*Records from a data collection:*

^^^^^^^^^^^^^^^^

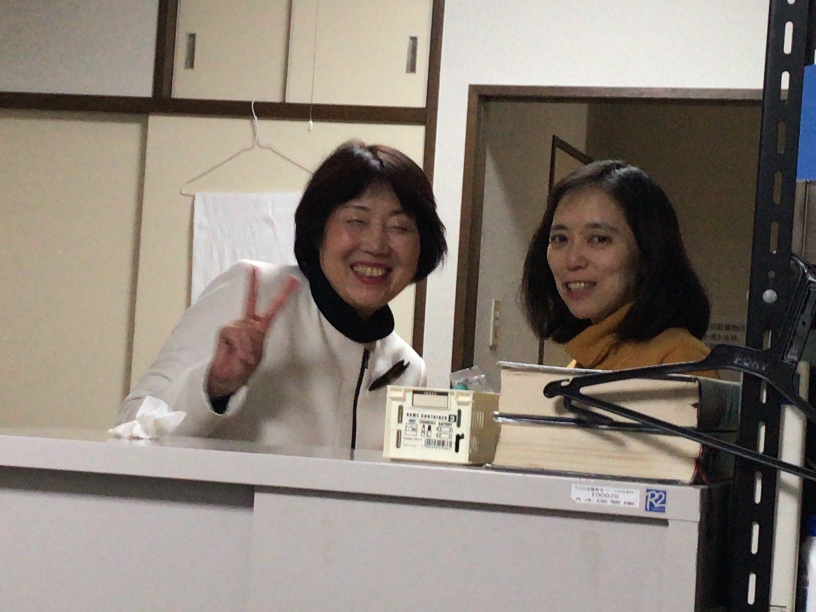 イスラエルチームの荷物の準備かーまだというお二人、山室軍平さんの映画をいつ見に行けるかなとお話中。 kato
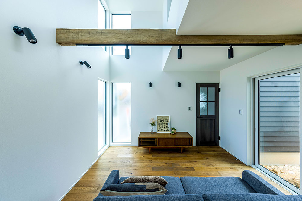 吹き抜けの角にまるでホテルのロビーのようなダイナミックな4つの窓のあるリビング。吹き抜けを渡るアンティークな梁も印象的です。
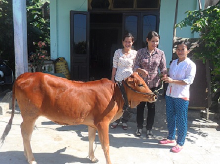 Ảnh: Bà Nguyễn Thị Pho - Chủ tịch Hội LHPN huyện Thăng Bình trao bò cho phụ nữ nghèo
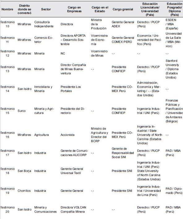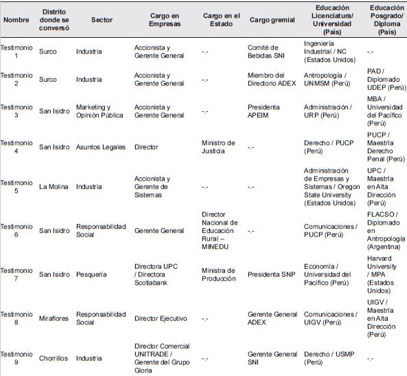 Para esta investigación, se entrevistaron a diversos miembros del sector empresarial limeño. Estas conversaciones buscaron conocer sus trayectorias profesionales dentro del contexto social que les tocó vivir. Algunas pueden ser calificadas como historias de vida y otras como entrevistas en profundidad si tomamos en cuenta el tiempo de duración.
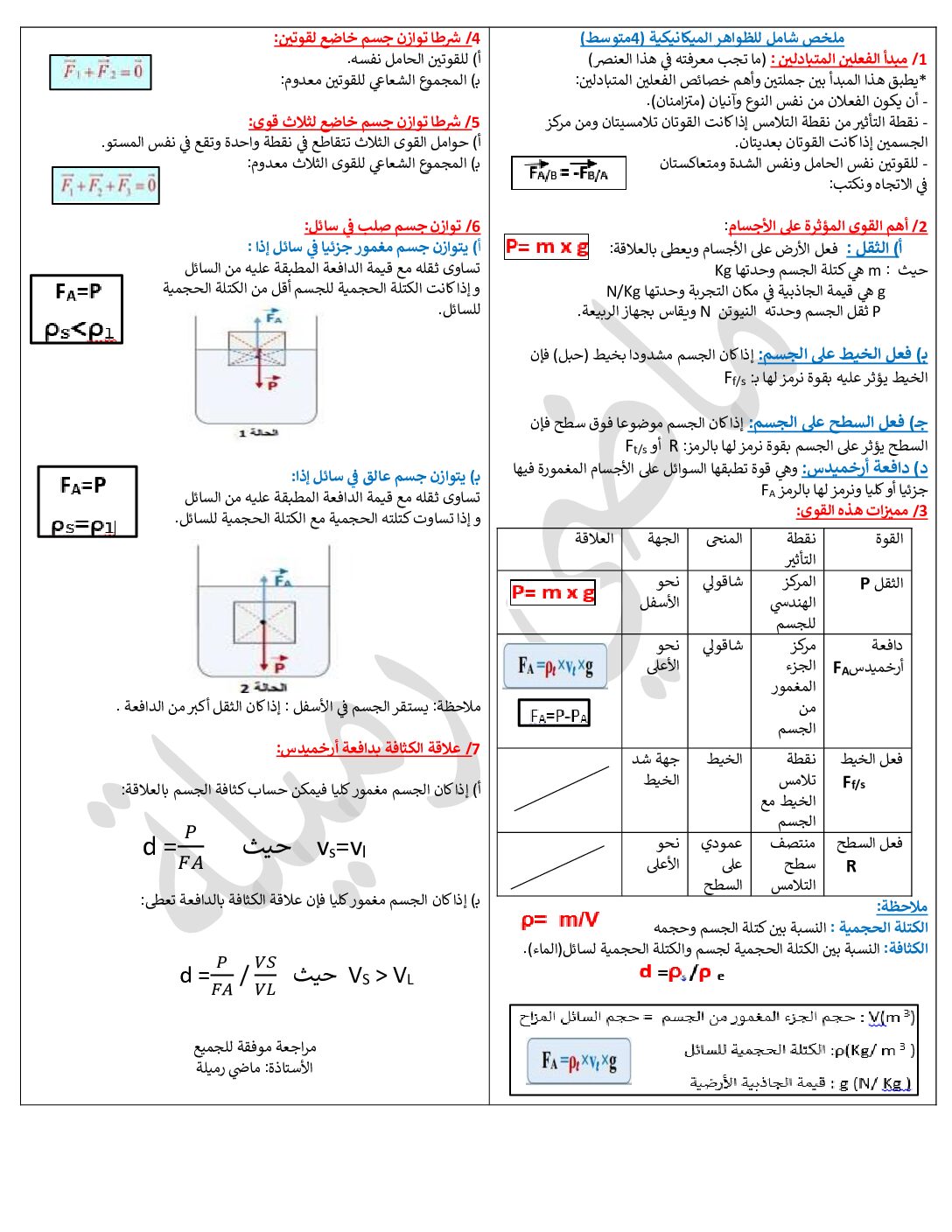 ملخص شامل لميدان الظواهر الميكانيكية في الفيزياء 4 متوسط مادة العلوم الفيزيائية للسنة الرابعة 4 متوسط دروس مفصلة، فروض واختبارات، تمارين محلولة: المكتسبات القبلية في العلوم الفيزيائية للأستاذ خليفي محمد 4 متوسط ، تحضير شهادة التعليم المتوسط
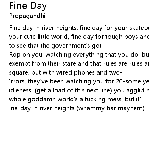 Fine day in river heights, fine day for your skateboards and bikes, fine day in your cute little world, fine day for tough boys and submissive girls, a fine day to see that the government's got |
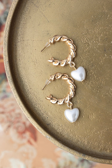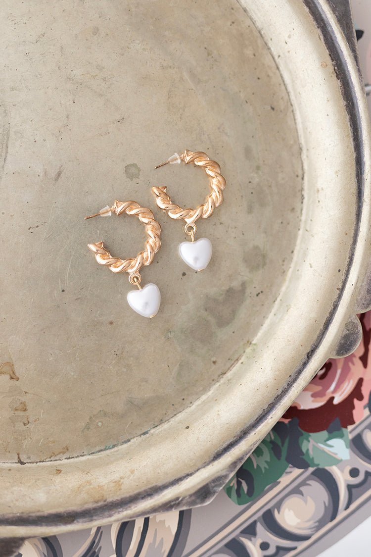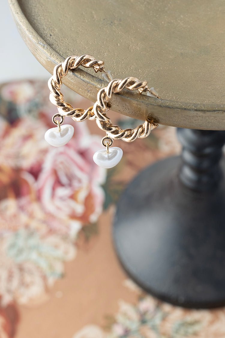 These twisted gold hoops get a sweet touch with dangling pearl charms. The 2" diameter makes these classic hoop earrings easy to wear everyday.
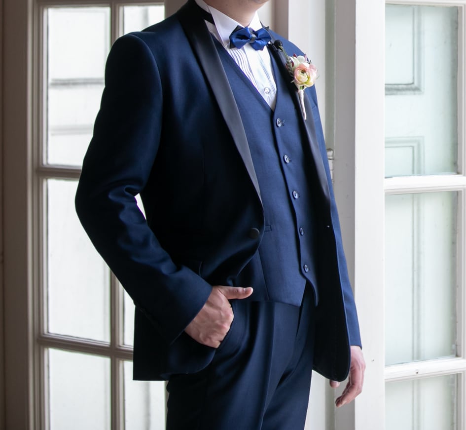 Sample Sale ネイビー スリーピース メンズスーツ タキシード(M06)【G073】
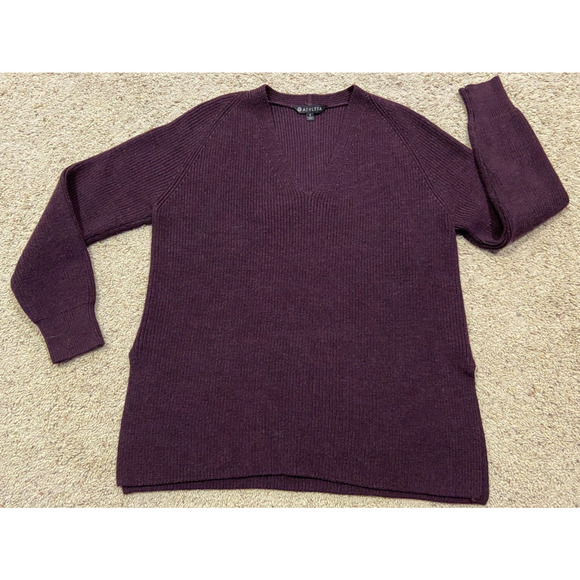 ATHLETA size S SWITCHBACK Pullover OVERSIZED SWEATER Purple Merino Wool Y22

^^^^^^^^^^^^^^^^

*Exercise aim:* Every record above should be transcribed exactly; the pictures stay out of the copy.

*Answer to this task:*
 イスラエルチームの荷物の準備かーまだというお二人、山室軍平さんの映画をいつ見に行けるかなとお話中。 kato
 吹き抜けの角にまるでホテルのロビーのようなダイナミックな4つの窓のあるリビング。吹き抜けを渡るアンティークな梁も印象的です。
 Ảnh: Bà Nguyễn Thị Pho - Chủ tịch Hội LHPN huyện Thăng Bình trao bò cho phụ nữ nghèo
 Para esta investigación, se entrevistaron a diversos miembros del sector empresarial limeño. Estas conversaciones buscaron conocer sus trayectorias profesionales dentro del contexto social que les tocó vivir. Algunas pueden ser calificadas como historias de vida y otras como entrevistas en profundidad si tomamos en cuenta el tiempo de duración.
 ملخص شامل لميدان الظواهر الميكانيكية في الفيزياء 4 متوسط مادة العلوم الفيزيائية للسنة الرابعة 4 متوسط دروس مفصلة، فروض واختبارات، تمارين محلولة: المكتسبات القبلية في العلوم الفيزيائية للأستاذ خليفي محمد 4 متوسط ، تحضير شهادة التعليم المتوسط
 Fine day in river heights, fine day for your skateboards and bikes, fine day in your cute little world, fine day for tough boys and submissive girls, a fine day to see that the government's got |
 These twisted gold hoops get a sweet touch with dangling pearl charms. The 2" diameter makes these classic hoop earrings easy to wear everyday.
 Sample Sale ネイビー スリーピース メンズスーツ タキシード(M06)【G073】
 ATHLETA size S SWITCHBACK Pullover OVERSIZED SWEATER Purple Merino Wool Y22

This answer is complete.